Suffering gets bad press in this world nowadays, but we used to believe it was part of life, and not to be rejected utterly, even if one understandably tries to avoid it.

But aside from the spiritual, which I realize doesn’t appeal to many increasingly, what of the potential for mistakes if we’re all just offing ourselves toward the end now?

And how does that make us feel, really? If we know we will know and plan the end, because it will be a pill at the doctor’s when the diagnosis is deemed hopeless, does that feel better or worse?

I feel worse expecting that rather than something painful and random and even drawn-out and horrible.

Planning it in the cold light of day is too much like Logan’s Run for me.

Oh, but people are living longer, they say, so they’re getting into terrible states. I disagree.

People aren’t living longer anymore. They’ve never been so prone to health issues since Covid.

But I do think it’s interesting that as the rate of serious illness and excess death goes up, so comes a renewed impetus to provide a “painless way out” for the dying.

Will that keep the complaints down, as terminal diagnoses are made?

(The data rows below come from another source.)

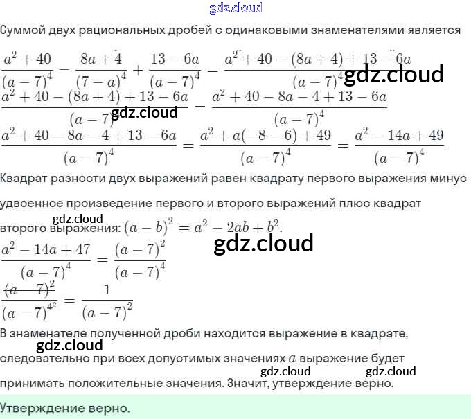 Ответы. §3. Сложение и вычитание рациональных дробей с одинаковыми знаменателями по Алгебре 8 класс Рабочая тетрадь Мерзляк Алгоритм успеха Часть 1, 2 Вентана-граф
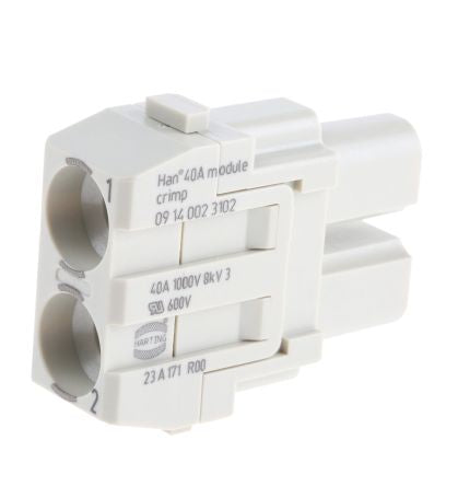 Han-Modular Series Female Module, 2 Way, 1 Row, Rated At 40A, 1 kV, Han 40A [09140023102]; 700-8102
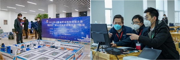 來自全省各高職高專院校的30支隊伍參加了“嵌入式技術(shù)應用開發(fā)”賽項比賽,山東商院選派的3名學生面對高強度高難度的比賽任務,穩(wěn)定發(fā)揮,最終取得省賽第一名的好成績,體現(xiàn)了良好的職業(yè)素養(yǎng),充分展示了學校師生積極向上、奮發(fā)進取的精神風貌和職教改革成果。作為“嵌入式技術(shù)應用開發(fā)”賽項承辦院校,山東商院嚴格按照承辦工作要求,精心組織,做好大賽各項服務和保障工作。比賽過程中,各參賽隊伍嚴格遵守比賽規(guī)則,積極應賽,實現(xiàn)專業(yè)技能、職業(yè)素質(zhì)和職業(yè)精神的有機融合,將工匠精神落到實處。
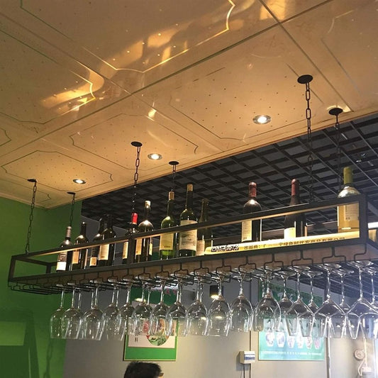 Hanging Wine Rack Metal Ceiling Wine Glass Rack Bar Unit Floating Shelves Industrial
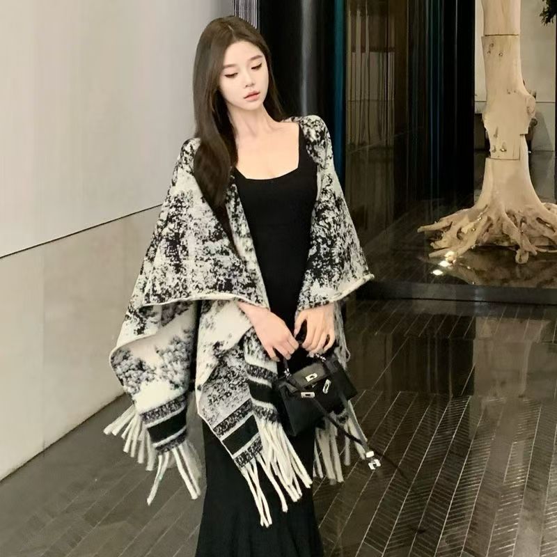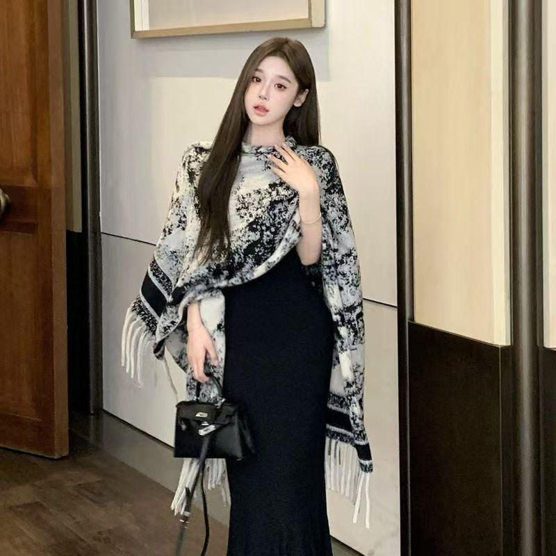 YF6945# 图片色时尚泼墨碎花流苏设计围巾 空调房保暖双面提花斗蓬披肩
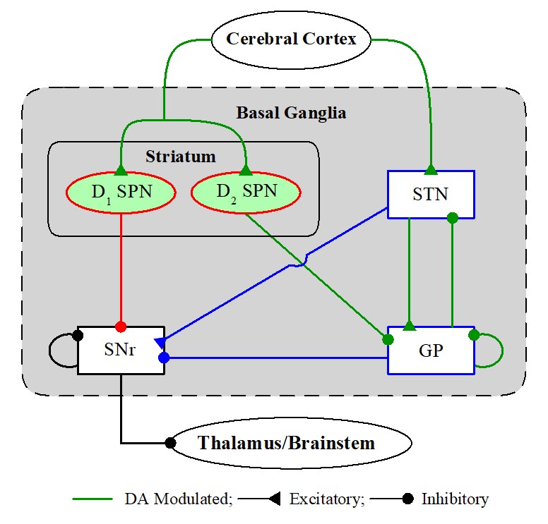 (D1 SPN ¡æ SNr) facilitating movement and indirect pathway (D2 SPN ¡æ GP ¡æ STN ¡æ SNr)
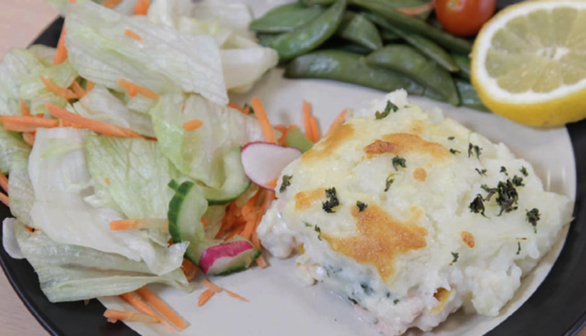 Preheat oven to 190ºC/ 170ºC fan/ Gas 5. Put the smoked haddock, salmon and cod in a large, wide–based pan. Add the bay leaf, peppercorns and the rest of the milk. Cover and heat very gently until the milk is just at simmering point, then simmer gently for 10 minutes or until the fish flakes easily.

Will it stop the questioning about how we all got so sick in the first place if the departure lounge is made a bit nicer?

What do They know that we don’t, these leaders of ours, with their assisted-dying laws?

Do they know, for example, that the rate of incurable illness is going to continue to climb, and that more and more people are going to want a way out?

After a couple of very bad years of nerve pain from the nuts and bolts and screws in my long-ago injured face, and telling my partner I couldn’t bear it any longer, I began to say I couldn’t go on, which didn’t even mean I wanted to “you know what.” It just meant I wasn’t coping.

One day, I just gave up trying to cope. I gave in to it.

I never took another pain pill. I prepared myself to be miserable forever.

And then, after months of what I can only call white-knuckling endurance, I suddenly woke up one day and realized I was living with the pain. I could bear it.

If the state gives people in pain the idea they should give in and die before their time, then it is no better than a pimp for death.